The Vancouver, British Columbia-based athleisure brand reported that first quarter net revenues increased 32% to $1.6 billion versus an expected $1.53 billion. In North America, revenues increased 32%. Earnings per share were $1.48 compared to an expected $1.43.
Lululemon launched footwear for women in March. CEO Calvin McDonald said in a call with investors that demand for the new products in Q1 were in excess of supply and “far exceeded” the company’s expectations.
“We definitely had a lot more demand than we anticipated,” McDonald said of the shoe collection, which kicked off with the Blissfeel running shoe in March and the Restfeel slide this week. Two more training shoes, the Chargefeel and the Strongfeel, are set to roll out this year. Though the shoes were designed for women first, the brand plans to launch a collection of men’s footwear in 2023.

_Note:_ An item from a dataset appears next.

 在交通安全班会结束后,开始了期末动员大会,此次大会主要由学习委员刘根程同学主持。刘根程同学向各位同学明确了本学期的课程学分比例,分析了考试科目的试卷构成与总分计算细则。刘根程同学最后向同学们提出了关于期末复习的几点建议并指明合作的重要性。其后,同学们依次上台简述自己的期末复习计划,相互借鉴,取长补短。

McDonald said the shows sold out more quickly than would have been desired in “an ideal scenario,” though he described the success at this early stage as encouraging.
“The team is focused on learning and adapting. What’s challenged that a little bit is the global supply chain challenges.” McDonald said. “So we’re going to build the category and we’re going to learn as we go.”

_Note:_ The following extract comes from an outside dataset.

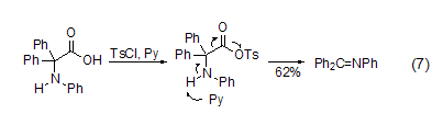 Amino acids under the action of TsCl and pyridine Decarboxylation reaction can occur (Formula 7)[7]. The reaction first generates a sulfonylation intermediate. Under the strong electron-withdrawing effect of the sulfonyl group, intramolecular electron transfer occurs, and a molecule of hydrogen ion and sulfonate is removed to obtain the imine product.

Within golf and tennis, Lululemon said that a sport-specific design approach helped propel momentum in these categories as well.
“Leveraging golf during both the Masters and the PGA Championships in the future is a wonderful opportunity to put a spotlight on our product and our assortment,” McDonald said, adding that the company plans to launch hike in the hike category in the coming weeks.
Analysts also noted the strong sell-through power of these new impactful categories.
“Initial response to footwear, golf, and tennis generated huge sell-through with hiking planned to launch soon,” said Cowen Equity analyst John Kernan.
In April, Lululemon announced a plan to expand its men’s business, including the addition of footwear, as part of a larger five-year growth strategy to double revenue to $12.5 billion by 2026. It will do this by “innovating” across product categories in its core performance division (run, train, yoga and “on the move”) as well as its “play” division (tennis, golf and hike).
When asked about the possibility of crowding the consumer with too many options, McDonald said he is not concerned.
“In many cases, it’s how our guests are already … using our product,” he said. “We are just putting a brand story on it with a small number of design for products that validates, brings credibility already to the product and lifts it.”